Member of the U.S. House of Representatives from New York's 20th district
- In office March 4, 1827 – March 3, 1829
- Preceded by: Nicoll Fosdick
- Succeeded by: Joseph Hawkins

Personal details
- Born: August 17, 1779 Savannah, New York, United States
- Died: July 16, 1837 (aged 57) Oswego, New York, United States
- Party: Jacksonian
- Spouse: Elizabeth Matilda Church
- Education: Columbia College

= Rudolph Bunner =

American politician

Rudolph Bunner (August 17, 1779 – July 16, 1837) was an American lawyer, businessman, and trade merchant who served one term as a U.S. Representative from New York from 1827 to 1829.

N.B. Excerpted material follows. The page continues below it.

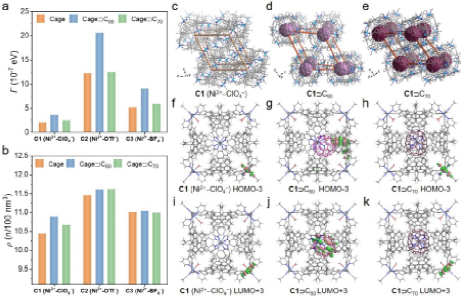 Figure 4. (a, b) Electrode-molecule coupling (Γ, estimated through fitting the experimental J-V data with the single energy level model) and packing density (ρ) of metallo-supramolecular ensembles with different counteranions. (c-e) Simplified packing modes of C1, C1ÉC60, and C1ÉC70 to estimate packing density shown in Figure 6b (hydrogen atoms, solvents and disordered counteranions are omitted for clarity). The modes are extracted by connecting the centroids of eight adjacent octahedral assemblies. (f-h) HOMO-3 of C1, C1ÉC60, and C1ÉC70. (i-k) LUMO+3 of C1, C1ÉC60, and C1ÉC70.

He was married to the granddaughter of Revolutionary War General Philip Schuyler.

==Early life==
Rudolph Brunner was born on August 17, 1779, in Savannah, New York to George Bunner and Jane Cuyler. George was a merchant and mariner, and owner of the brig Mars in the West India trade. Bunner graduated from Columbia University in 1798. His maternal grandfather was Captain Teleman Cruger Cuyler and his great-grandparents were Henry Cuyler and Catherine Cruger. His maternal uncles included Captain Henry Cuyler, who was killed at the siege of Savannah, Jeremiah La Touche Cuyler (1768–1839), who was the first Federal Judge in Georgia.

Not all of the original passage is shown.